# My new girl!!



## LeynaProof (Jan 3, 2013)

These are pictures of my new mare! This was the day i brought her home. She is half Arabian half Saddlebred. I absolutely love this horse! I have had her a month now and she is getting better and better! She does her first 25 mile Endurance ride in a week.


----------



## Speed Racer (Oct 21, 2009)

Pretty girl. Don't see much Saddlebred in her, though.

Is she registered as a NSH as well as Half Arabian?


----------



## Wolfetrap (Jan 7, 2013)

TOOOOOOOO CUTE!!!!! Had a great head and neck!!!!!!! She should be in a picture!! Congrats!


----------



## LeynaProof (Jan 3, 2013)

Speed Racer said:


> Pretty girl. Don't see much Saddlebred in her, though.
> 
> Is she registered as a NSH as well as Half Arabian?

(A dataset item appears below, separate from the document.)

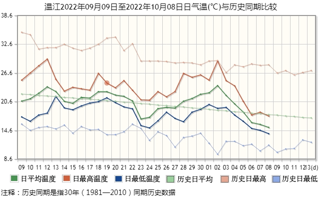 在盆地區(qū),溫江國家氣象站的觀測顯示,10月2日以來,當(dāng)?shù)氐娜掌骄鶜鉁亍⑷兆罡邭鉁?、日最低氣溫都是一路快速下行,使前期偏高的氣溫向著歷史均值快速回歸。

Thank you.  She is actually 15/16 Arabian. Her dam is half Arabian half Saddlebred and her sire is purebred Arabian.


----------



## LeynaProof (Jan 3, 2013)

Wolfetrap said:


> TOOOOOOOO CUTE!!!!! Had a great head and neck!!!!!!! She should be in a picture!! Congrats![/QUOTE
> 
> I love her neck too! That was one of the things i liked most about her when i went to go look at her. Thank you!


----------



## Speed Racer (Oct 21, 2009)

LeynaProof said:


> Thank you.  She is actually 15/16 Arabian. Her dam is half Arabian half Saddlebred and her sire is purebred Arabian.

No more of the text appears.